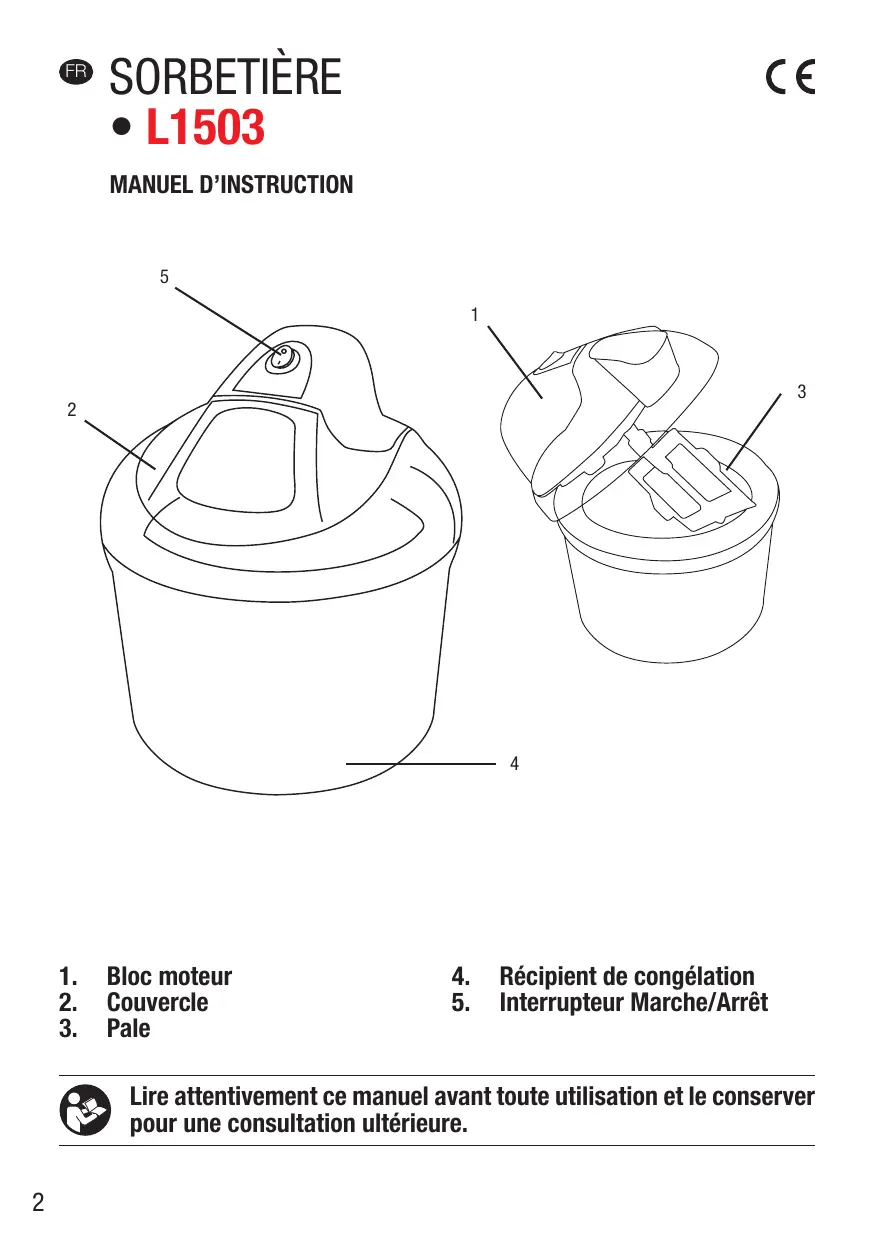 • Si la solution de congélation fuit du récipient, ne l’utilisez plus. La solution de congélation n’est pas toxique. • Ne placez pas la machine sur des surfaces chaudes telles que des cuisinières, des plaques chauffantes ou à proximité de flammes nues. • Mettre l’appareil à l’arrêt et le déconnecter de l’alimentation avant de changer les accessoires ou d’approcher les parties qui sont mobiles lors du fonctionnement. • Toujours déconnecter l’appareil de l’alimentation si on le laisse sans surveillance et avant montage, démontage ou nettoyage. • Cet appareil peut être utilisé par des enfants âgés d’au moins 8 ans, à condition qu’ils bénéficient d’une surveillance ou qu’ils aient reçu des instructions quant à l’utilisation de l’appareil en toute sécurité et qu’ils comprennent bien les dangers encourus. Le nettoyage et l’entretien de l’utilisateur ne doivent pas être effectués par des enfants, à moins qu’ils ne soient âgés d’au moins 8 ans et qu’ils soient sous la surveillance d’un adulte. Conserver l’appareil et son câble hors de portée des enfants âgés de moins de 8 ans. • Cet appareil peut être utilisé par des personnes dont les capacités physiques, sensorielles ou mentales sont réduites ou dont l’expérience ou les connaissances ne sont pas suffisantes, à condition qu’ils bénéficient d’une surveillance ou qu’ils aient reçu des instructions quant à l’utilisation de l’appareil en toute sécurité et dans la mesure où ils en comprennent bien les dangers potentiels. Les enfants ne doivent pas utiliser l’appareil comme un jouet. • Il y a des risques de blessures en cas de mauvaise utilisation. Des précautions doivent être prises lors de la manipulation de la pale, lorsqu’on vide le récipient et lors du nettoyage. • Cet appareil est destiné à être utilisé dans des applications domestiques et analogues telles que : - des coins cuisines réservés au personnel dans des magasins, bureaux et autres environnements professionnels; - des fermes; - l’utilisation par les clients des hôtels, motels et autres environnements à caractère résidentiel; - des environnements du type chambres d’hôtes. • En ce qui concerne les durées de fonctionnement maximales, référez-vous au paragraphe ci-après de la notice. • En ce qui concerne les informations détaillées sur la manière de nettoyer les surfaces en contact avec les aliments, référez-vous au paragraphe ci-après de la notice. 4
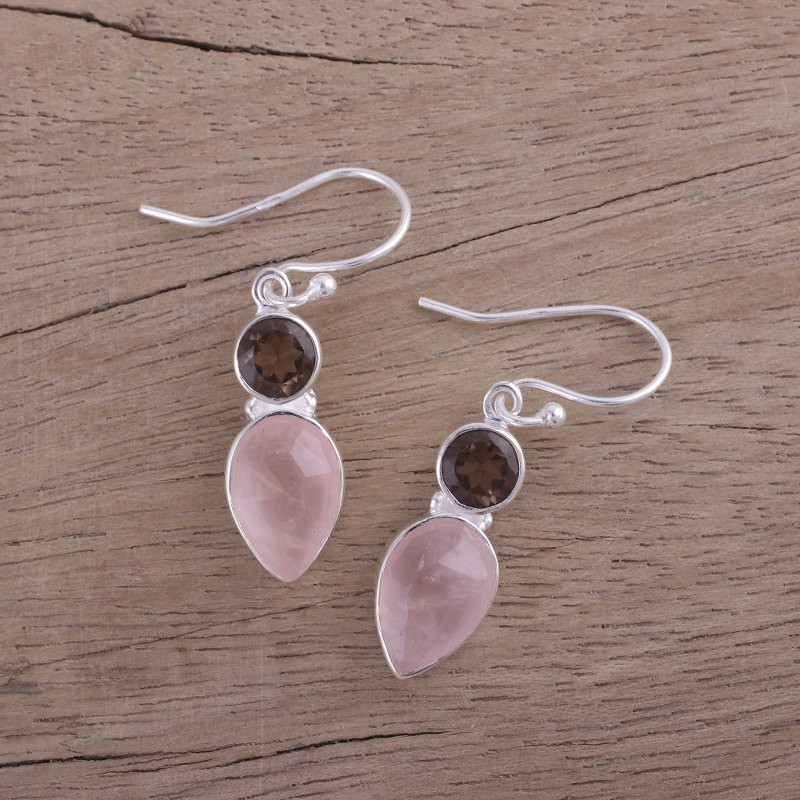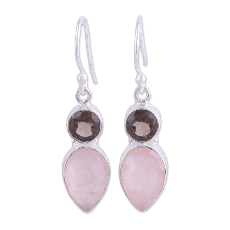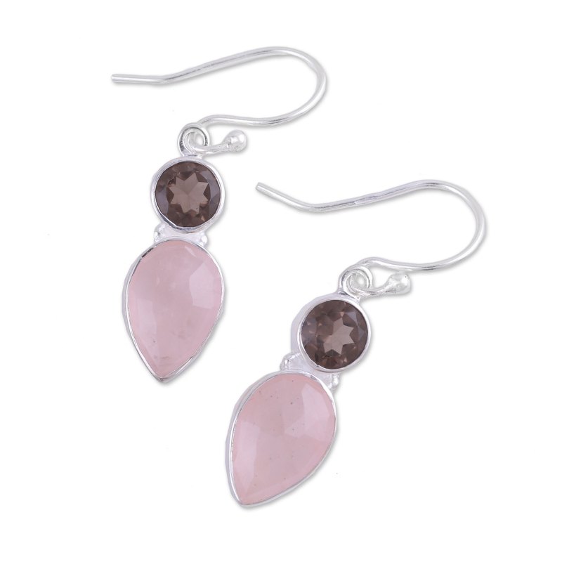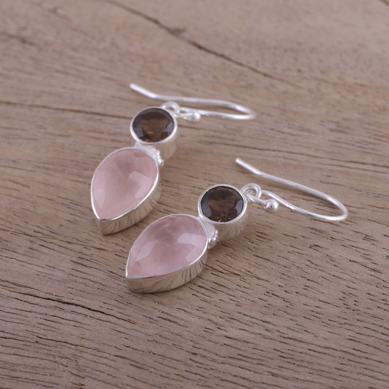 You can find our rose quartz and smoky quartz dangle earrings 'Dazzling Alliance' by Neetu Barathi in jewelry categories such as Birthstone Earrings, Rose Quartz Earrings, Smoky Quartz Earrings, Silver Earrings and Sterling Silver Earrings. Enjoy exploring these sections for other Novica treasures.
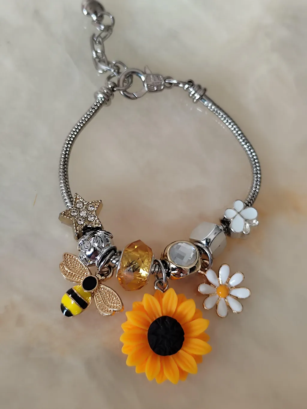 Sunflower & Honeybee Charm Bracelet – Silver Snake Chain with Daisy, Crystal & Gold Bee Accents – Nature-Inspired Floral Jewelry Gift for Women & Teens
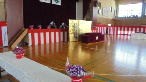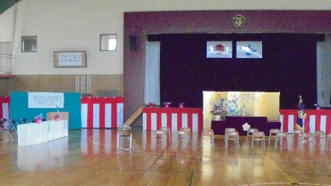 こんな立派な入学式会場ができあがりました。きっと今頃新入生はわくわくして眠れないのでは?こんな早く寝ませんね(笑)
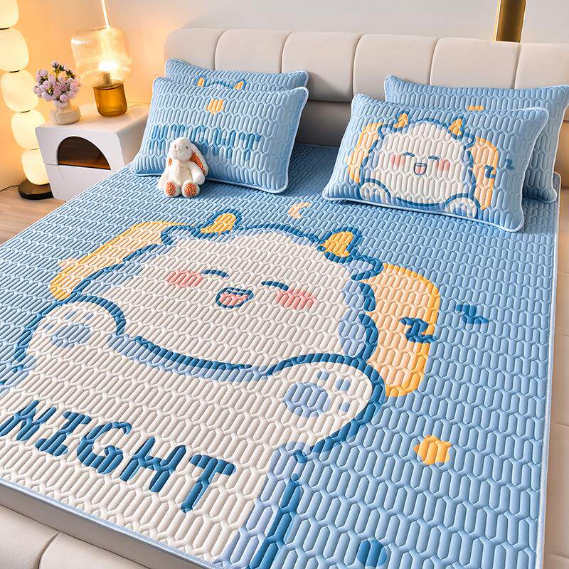 一触即凉进口冰丝高端硅胶空调席可机洗防刮划天然乳胶凉席三件套

-----

◆ **YOUR TASK**
What is needed here is an exact transcript of the data above, pictures excluded.

◆ **OUTPUT BELOW**
 • Si la solution de congélation fuit du récipient, ne l’utilisez plus. La solution de congélation n’est pas toxique. • Ne placez pas la machine sur des surfaces chaudes telles que des cuisinières, des plaques chauffantes ou à proximité de flammes nues. • Mettre l’appareil à l’arrêt et le déconnecter de l’alimentation avant de changer les accessoires ou d’approcher les parties qui sont mobiles lors du fonctionnement. • Toujours déconnecter l’appareil de l’alimentation si on le laisse sans surveillance et avant montage, démontage ou nettoyage. • Cet appareil peut être utilisé par des enfants âgés d’au moins 8 ans, à condition qu’ils bénéficient d’une surveillance ou qu’ils aient reçu des instructions quant à l’utilisation de l’appareil en toute sécurité et qu’ils comprennent bien les dangers encourus. Le nettoyage et l’entretien de l’utilisateur ne doivent pas être effectués par des enfants, à moins qu’ils ne soient âgés d’au moins 8 ans et qu’ils soient sous la surveillance d’un adulte. Conserver l’appareil et son câble hors de portée des enfants âgés de moins de 8 ans. • Cet appareil peut être utilisé par des personnes dont les capacités physiques, sensorielles ou mentales sont réduites ou dont l’expérience ou les connaissances ne sont pas suffisantes, à condition qu’ils bénéficient d’une surveillance ou qu’ils aient reçu des instructions quant à l’utilisation de l’appareil en toute sécurité et dans la mesure où ils en comprennent bien les dangers potentiels. Les enfants ne doivent pas utiliser l’appareil comme un jouet. • Il y a des risques de blessures en cas de mauvaise utilisation. Des précautions doivent être prises lors de la manipulation de la pale, lorsqu’on vide le récipient et lors du nettoyage. • Cet appareil est destiné à être utilisé dans des applications domestiques et analogues telles que : - des coins cuisines réservés au personnel dans des magasins, bureaux et autres environnements professionnels; - des fermes; - l’utilisation par les clients des hôtels, motels et autres environnements à caractère résidentiel; - des environnements du type chambres d’hôtes. • En ce qui concerne les durées de fonctionnement maximales, référez-vous au paragraphe ci-après de la notice. • En ce qui concerne les informations détaillées sur la manière de nettoyer les surfaces en contact avec les aliments, référez-vous au paragraphe ci-après de la notice. 4
 You can find our rose quartz and smoky quartz dangle earrings 'Dazzling Alliance' by Neetu Barathi in jewelry categories such as Birthstone Earrings, Rose Quartz Earrings, Smoky Quartz Earrings, Silver Earrings and Sterling Silver Earrings. Enjoy exploring these sections for other Novica treasures.
 Sunflower & Honeybee Charm Bracelet – Silver Snake Chain with Daisy, Crystal & Gold Bee Accents – Nature-Inspired Floral Jewelry Gift for Women & Teens
 こんな立派な入学式会場ができあがりました。きっと今頃新入生はわくわくして眠れないのでは?こんな早く寝ませんね(笑)
 一触即凉进口冰丝高端硅胶空调席可机洗防刮划天然乳胶凉席三件套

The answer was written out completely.